### Problem
A verbatim transcript of the data that follows, free of images, is the expected result.

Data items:
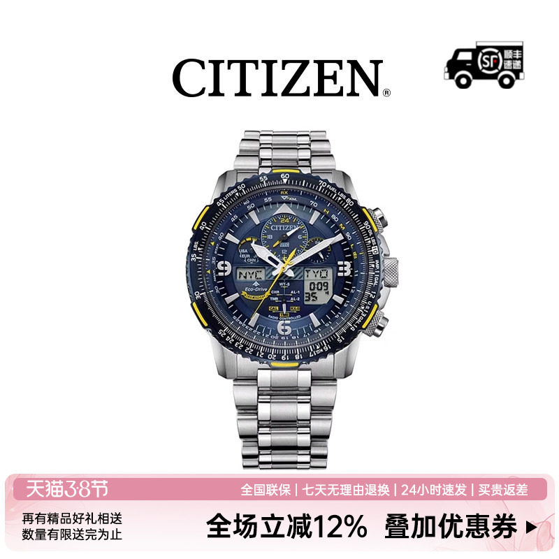 CITIZEN西铁城 日本手表男光动能电波防机芯磁蓝天使空中之鹰腕表
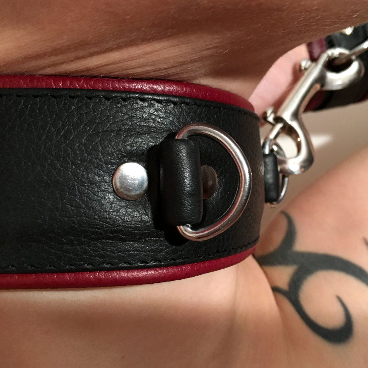 Die schmalen Lederpaspeln in Bordeaux-rot verleihen dem gesamten Halsband eine gewisse Eleganz, besonders wenn sie mit farblich passenden Manschetten (wie unseren Wotan-Manschetten) kombiniert werden.
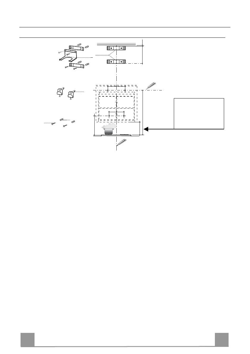 • Tavana veya üst sınıra kadar, Davlumbazın monte edilmesi öngörülen bölgenin merkezinde
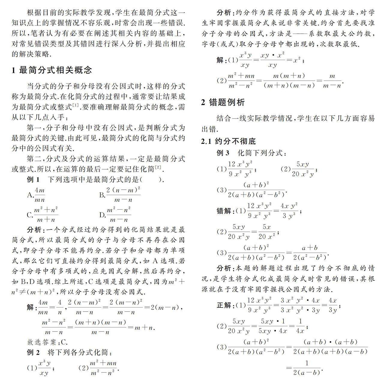 摘要:最简分式是分式的基本性质之后的又一新知识点,其理论基础就是分式的基本性质.根据最简分式的要求,分式及分式的运算结果均需保留最简形式,所以就要对分式进行化简,但是学生在化简时总容易出错.本文中从最简分式的概念入手,结合具体案例展示几种错误解法及分析,并提出相应的策略,可以为学生有效避错提供帮助.(剩余239字)
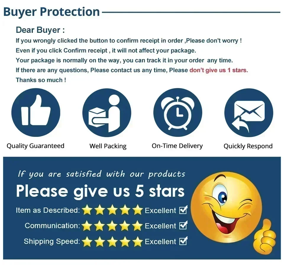 Tip: If you encounter any problems after receiving the goods, please do not immediately open a dispute, as this will lower the rating of our store and even lead to store closure and inability to shop. Please make sure to contact our customer service as soon as possible. We believe we can solve all your problems.
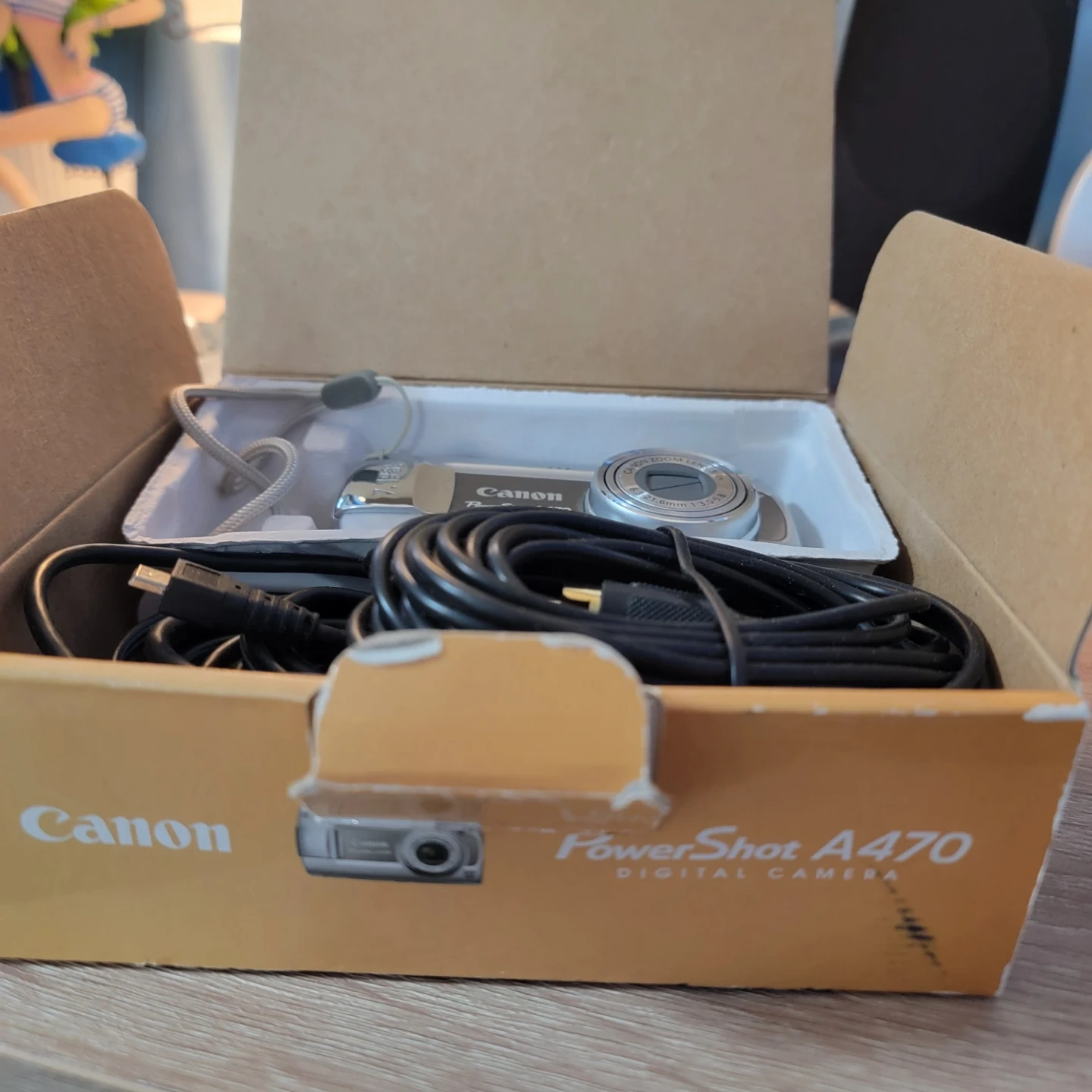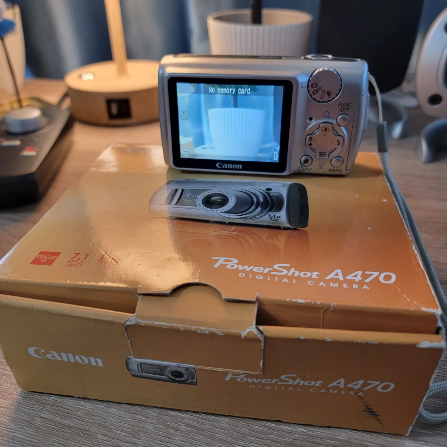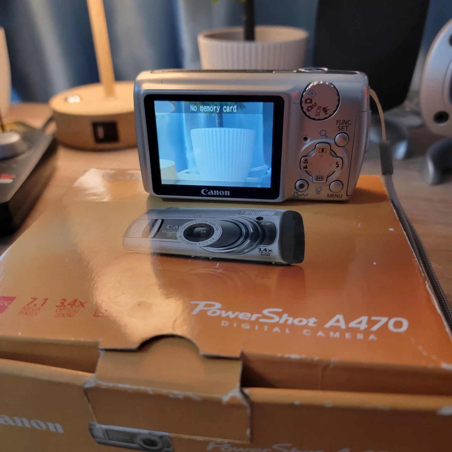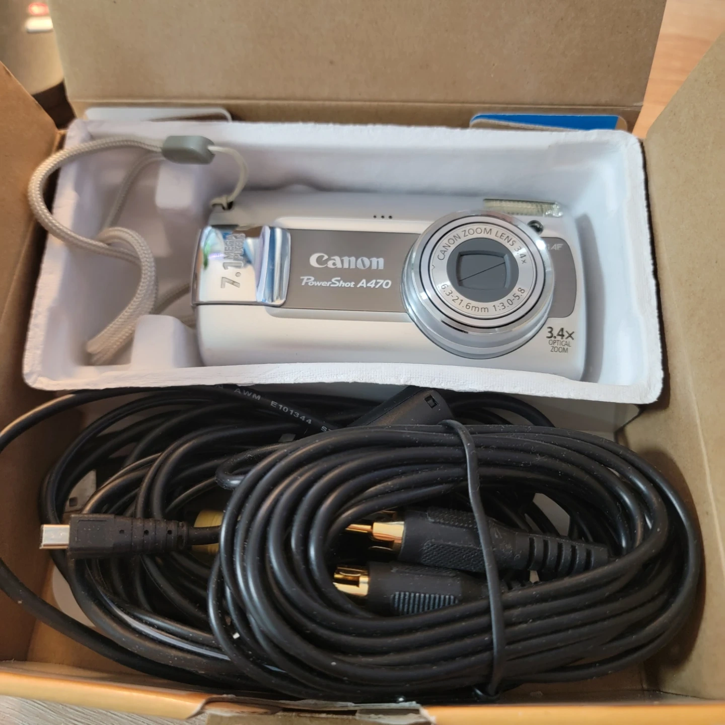 This is a Canon PowerShot A470 digital camera. It features a 7.1 megapixel resolution and 3.4x optical zoom. The camera has a 2.5-inch LCD screen.

### The completed task
 CITIZEN西铁城 日本手表男光动能电波防机芯磁蓝天使空中之鹰腕表
 Die schmalen Lederpaspeln in Bordeaux-rot verleihen dem gesamten Halsband eine gewisse Eleganz, besonders wenn sie mit farblich passenden Manschetten (wie unseren Wotan-Manschetten) kombiniert werden.
 • Tavana veya üst sınıra kadar, Davlumbazın monte edilmesi öngörülen bölgenin merkezinde
 摘要:最简分式是分式的基本性质之后的又一新知识点,其理论基础就是分式的基本性质.根据最简分式的要求,分式及分式的运算结果均需保留最简形式,所以就要对分式进行化简,但是学生在化简时总容易出错.本文中从最简分式的概念入手,结合具体案例展示几种错误解法及分析,并提出相应的策略,可以为学生有效避错提供帮助.(剩余239字)
 Tip: If you encounter any problems after receiving the goods, please do not immediately open a dispute, as this will lower the rating of our store and even lead to store closure and inability to shop. Please make sure to contact our customer service as soon as possible. We believe we can solve all your problems.
 This is a Canon PowerShot A470 digital camera. It features a 7.1 megapixel resolution and 3.4x optical zoom. The camera has a 2.5-inch LCD screen.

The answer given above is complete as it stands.